== Goal of the exercise ==
Write out exactly the lines below from the one containing "Look sharp and" to the last, both ends kept, and nothing more; skip all pictures.

== Data provided ==
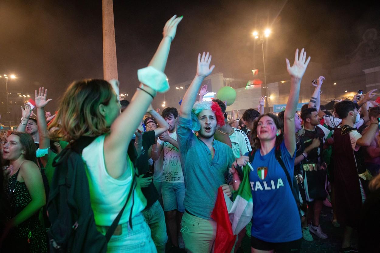 Suporterii italieni care nu au putut face deplasarea la Londra pentru a vedea meciul cu Anglia, de pe stadionul Wembley, din cauza restricțiilor impuse de englezi, au ieșit în centrul Romei pentru a urmări partida pe mai multe ecrane uriașe. Au așteptat cu sufletul la gură ca favoriții lor să câștige meciul la loviturile de departajare, iar apoi au dat startul petrecerii pe străzi.
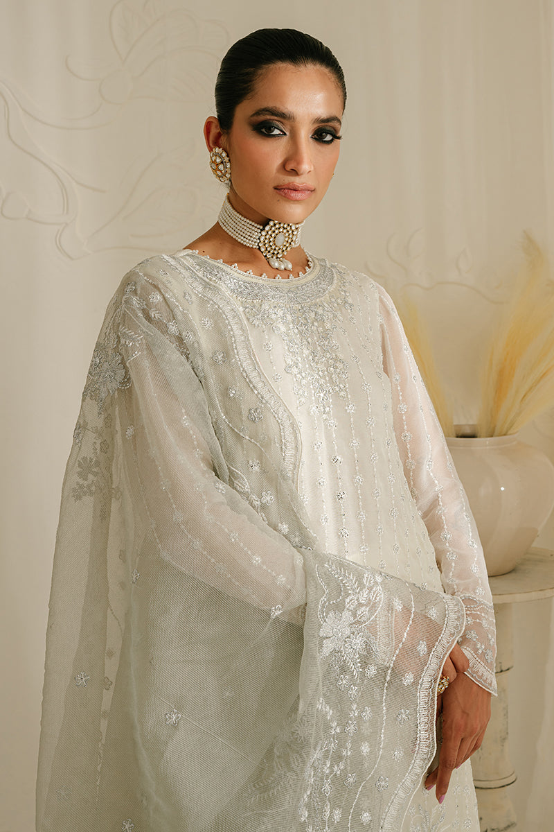 Look sharp and stylish in the Pristine Grizzled Shirt. Crafted from Chiffon, this elegant design features embroidered trim on the front, back, and sleeves. The shirt also comes with a dyed silk slip and trousers, along with a net embroidered dupatta for the complete look. With 40" and 80" embroidered patti for the front and back hem and sleeves respectively, this stylish ensemble will have you feeling confident and sophisticated.
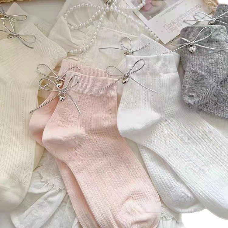Summer Thin Bowknot Socks for Women Trendy Ins Korean Style Versatile Short Tube Socks High Elastic Comfortable Women's Socks

== Finished task ==
 Look sharp and stylish in the Pristine Grizzled Shirt. Crafted from Chiffon, this elegant design features embroidered trim on the front, back, and sleeves. The shirt also comes with a dyed silk slip and trousers, along with a net embroidered dupatta for the complete look. With 40" and 80" embroidered patti for the front and back hem and sleeves respectively, this stylish ensemble will have you feeling confident and sophisticated.
Summer Thin Bowknot Socks for Women Trendy Ins Korean Style Versatile Short Tube Socks High Elastic Comfortable Women's Socks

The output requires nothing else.